In 1993 the king of Bhutan, a small nation in the Himalayas, decided to expel 100,000 of his subjects. These Bhutanese, who had committed the grave crime of being ethnically distinct from the ruling majority, were exiled into neighboring Nepal. For the next 17 years, their lives were on hold in UN refugee camps. Families lived together in one-room bamboo huts, with roofs of crude plastic sheeting. They had shelter and meager provisions but little else. No jobs. Limited schooling. Waiting-for 17 years.
Dilli Maya Sapotka, the matriarch of the family, serves apple slices and orange juice to her guests. The apartment is stuffy, and as family members sit together on a daybed in the living room and say they are pleased to have finally arrived in America, they recognize the challenges they face. Their English is limited and they have no marketable job skills. For now they are taking English classes and trying to come to grips with America. A teenage Bhutanese neighbor translates enthusiastically if not fluently while checking text messages on his cell phone.
"Here language different, uniform different, everything different, day and night different, spelling is different, very difficult," Sapotka says through his translator. "No time to go outside, go outside, we get lost."
They do have one advantage over other new arrivals. They have two American friends, Curt and Connie Kreuger. They met the Kreugers through the New Neighbors program of Exodus, a Chicagoland ministry that seeks to connect refugees with American families. Once a week Curt and Connie meet with the family and offer a chance to practice English, to ask questions, to confide. When both families went to the aquarium, it was an afternoon of firsts for the Sapotkas. First train ride, first aquarium ("fish go up, down, up, down, up, down! We like the fish"), first American food ("did not like these sandwiches").
The process that brings refugees to America is complicated. The State Department works in the UN camps, screening and rescreening potential immigrants. Then the State Department gives a grant to a resettlement agency, which handles the nuts and bolts of the transition to the United States. The refugees get on a plane-they usually are forced to take out a loan to pay for the trip-and at the destinations they are picked up and driven to their new, preselected apartment (more loans). The resettlement agency provides a small budget for household goods/groceries and provides ESL classes, job training, and job placement. The children go to school.
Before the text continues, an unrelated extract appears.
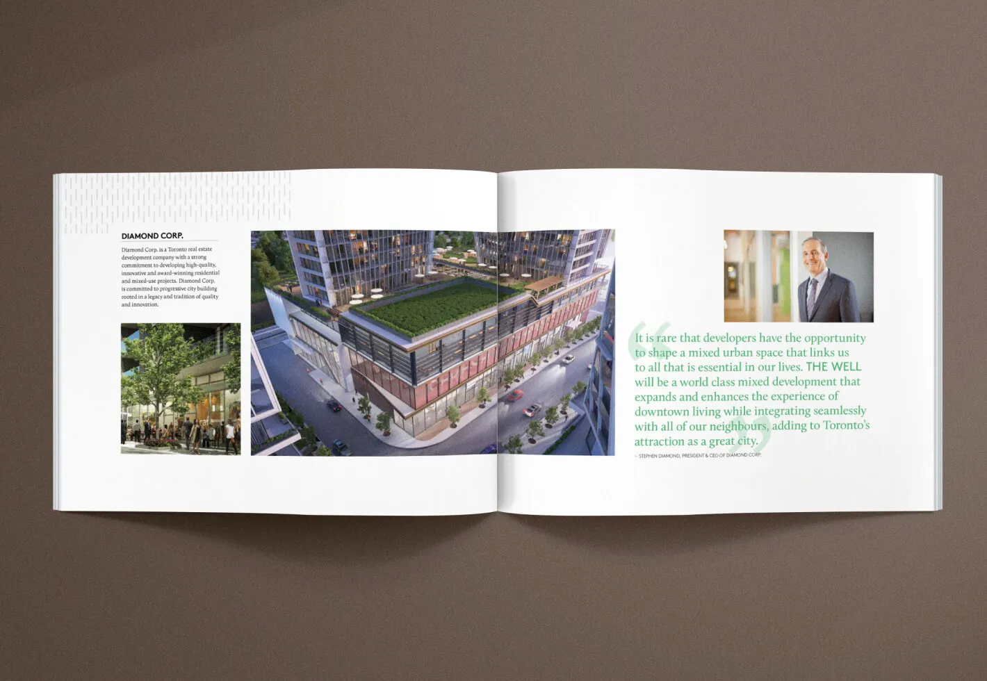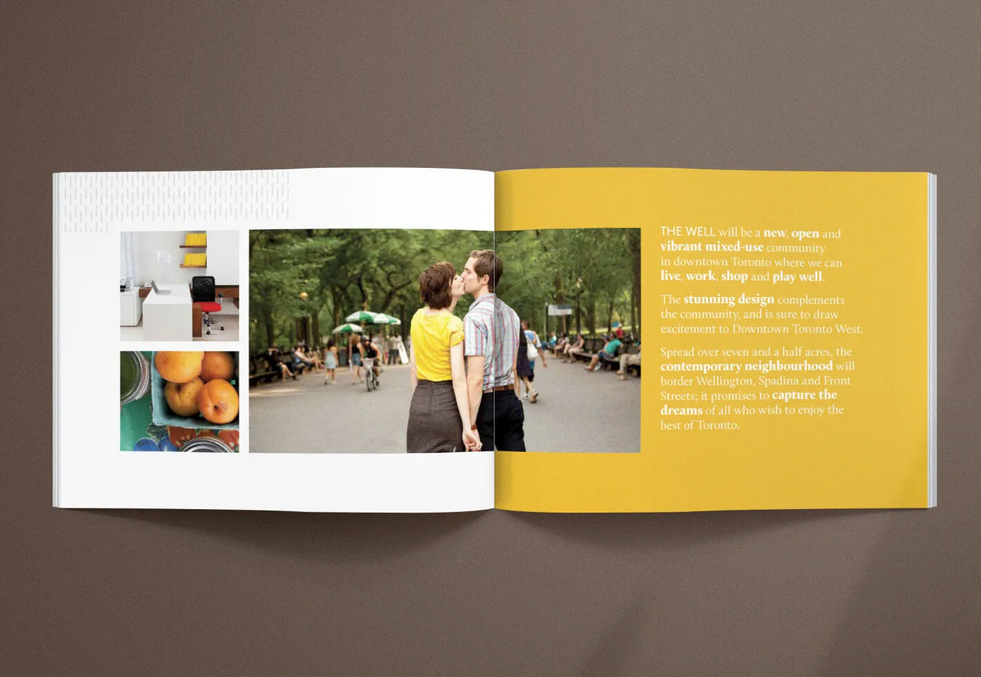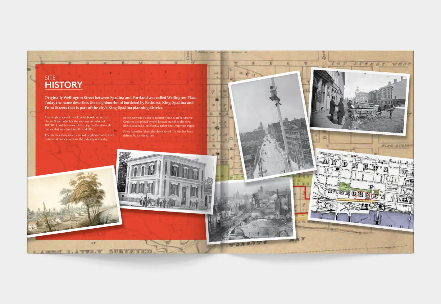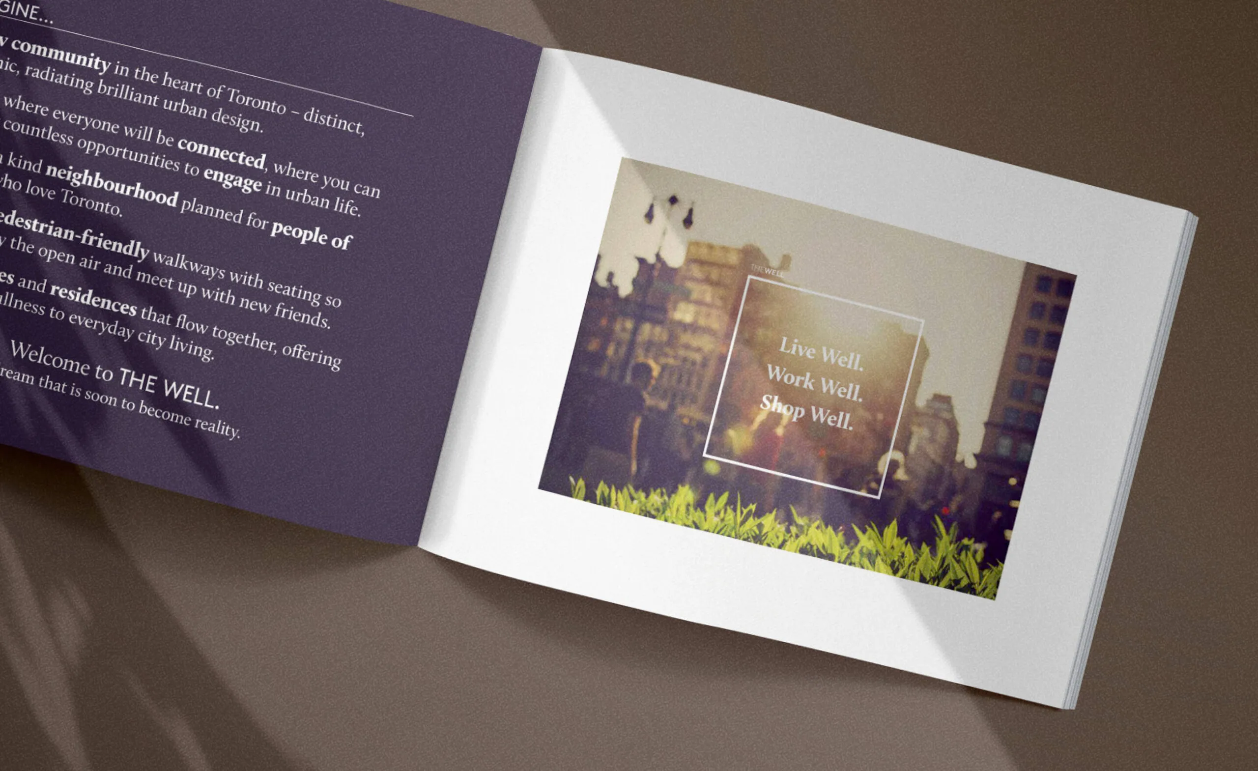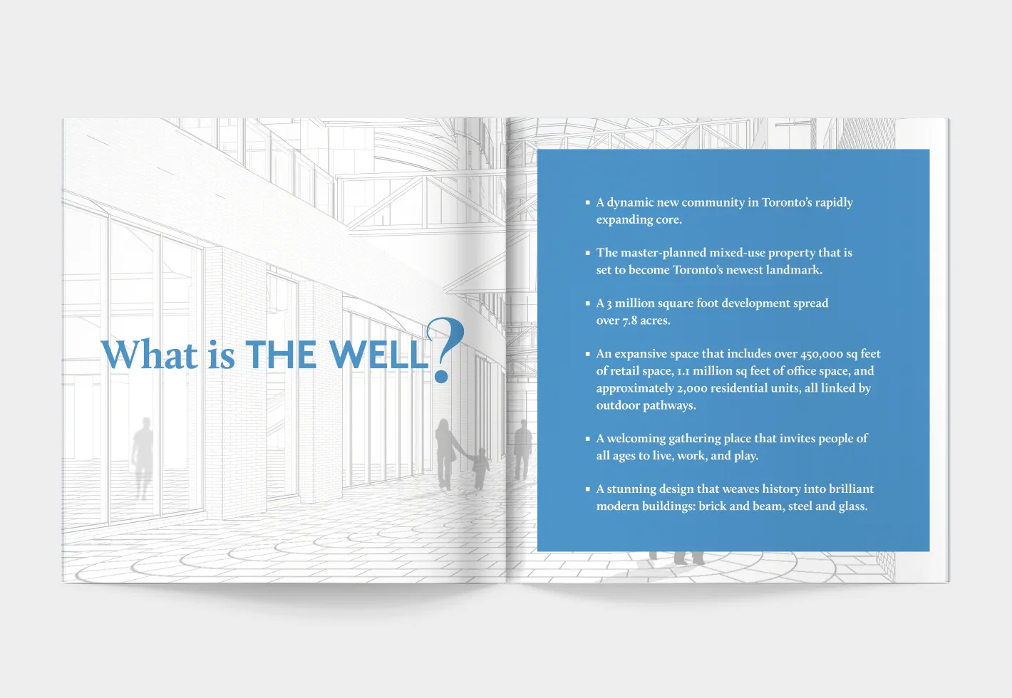 The Well is an innovative mixed-use property development in Toronto’s vibrant King West area where visitors and residents can eat, shop, work, live, and play. To introduce this multimillion-dollar endeavour to the public and generate buzz during a major media push, Forge created various marketing materials and brand assets including brochures with custom photography and vibrant layouts showcasing the properties features and the site’s exciting history.
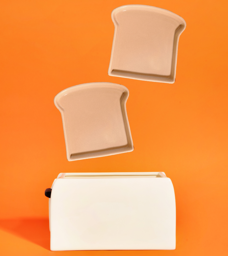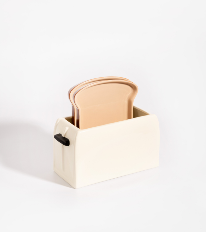 Dale un toque peculiar y creativo a tu mesa con estos platos de cerámica con forma de rebanadas de pan tostado. Ubicados en un soporte estilo tostadora, combinan practicidad y estética lúdica para alegrar tus desayunos o pausas de café 🍞

Throughout this process, refugees have their minimum basic material needs cared for.
Exodus exists for something different. Volunteers strive to create a trusted social network around refugees, who have left behind their friends, family, and everything else they know to come to a new land. Without a trusted network, refugees can seek advice in the wrong places, either withdrawing from society or becoming vulnerable to predators.
Kirk Lashley, himself a first-generation immigrant from Trinidad, was a New Neighbor for another Bhutanese family: "I remember taking them to the bank to set up their bank accounts. He had to take $700, which was his entire life savings, and put it in an envelope and deposit it into the slot of an ATM. He looked at me like I was crazy, like, 'I'm supposed to do what?' but he did it." Lashley shook his head. "The amount of trust that must have taken."
Heidi Schoedel helped found Exodus as a way to mobilize the church to help refugees. All volunteers come from local churches, which often provide the ministry's "Welcome To America" packs, gifts of household goods and groceries that are waiting for refugees in their new apartments when they move in. As relationships develop, volunteers talk about their beliefs. At Living Water Community Church in Rogers Park, Chicago, Exodus volunteers and refugee families make up much of the congregation. The Passing of the Peace is offered in five languages, and there is a special Khmer language service for Cambodian refugees.
Relationships are not always simple or easy: Some volunteers find it hard to offer friendship without offering material gifts. In many refugee societies, a close friend is duty bound to give anything he can afford; unwillingness to do so means that the friendship is only superficial. Volunteers may want to give freely after seeing the difficulties refugees face, but that can create dependence and isn't necessary. Schoedel says, "Refugees are survivors, not victims."
The lot of refugees in Chicago is a difficult one. Rent is high. Jobs can be scarce. After three months, resettlement agencies stop direct support, and refugees must take what they can get, which often means a three-hour commute to the slaughterhouses west of Chicago. It's gruesome, low-paying work, but previous generations of immigrants faced similar challenges and made life better for their children and grandchildren.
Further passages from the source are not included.